Determine the Best Antibody Concentration for an ELISA Test

Proper titration of antibody concentration is achieved by serial dilutions of capture and detection antibodies. These are compared to proper controls to determine the dynamic range of detection as well as the presence of any artifacts. The ideal concentration would provide the highest signal-to-noise ratio and largest linear range for the assay.
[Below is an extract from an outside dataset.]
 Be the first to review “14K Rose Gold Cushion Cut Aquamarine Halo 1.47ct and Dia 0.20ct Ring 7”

Increase Signal to Background

To reduce background noise or increase the signal in an ELISA assay, a number of factors should be considered:

  • Desired assay sensitivity
  • Specificity of the antibody
  • Detection modality


Additionally, one may need to optimize:

  • Incubation time and temperature
  • Blocking buffers
  • Washing steps, such as number of washes


How to Choose the Right Buffers for an ELISA Test

The following factors should be considered in order to have the best impact on well-to-well consistency and improve the signal over background noise:

  • Coating buffers - used to preserve the biological activity and stability of any proteins; however, this buffer must not change the epitopes or interfere with binding.
  • Blocking buffers - concentration of nonionic detergent and/or nonspecific proteins of the buffer should be optimized for binding to open sites on the coated plate.
  • Washing buffers - the correct amount of salts and detergents should be at the optimal pH to reduce background noise and stabilize the antibody-antigen complexes.
  • Lysis/binding buffers - the lysis buffer should be optimized so as to lyse the cells without interfering with the antigen/antibody binding.
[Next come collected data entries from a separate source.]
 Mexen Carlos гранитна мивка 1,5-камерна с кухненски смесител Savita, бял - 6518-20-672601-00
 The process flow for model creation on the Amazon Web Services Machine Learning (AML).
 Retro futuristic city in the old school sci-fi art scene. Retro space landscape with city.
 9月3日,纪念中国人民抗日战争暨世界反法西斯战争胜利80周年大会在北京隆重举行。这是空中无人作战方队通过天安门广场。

Importance of Well-to-Well Consistency

In order to obtain reliable results, all wells in the ELISA test should be subject to the same considerations. To further avoid well-to-well variability, pipetting of the sample and washing should be performed accurately and consistently. Use of multichannel or automated pipetting and wash systems may improve results. Additionally, attention should be paid to the well plate conditions, including temperature and humidity.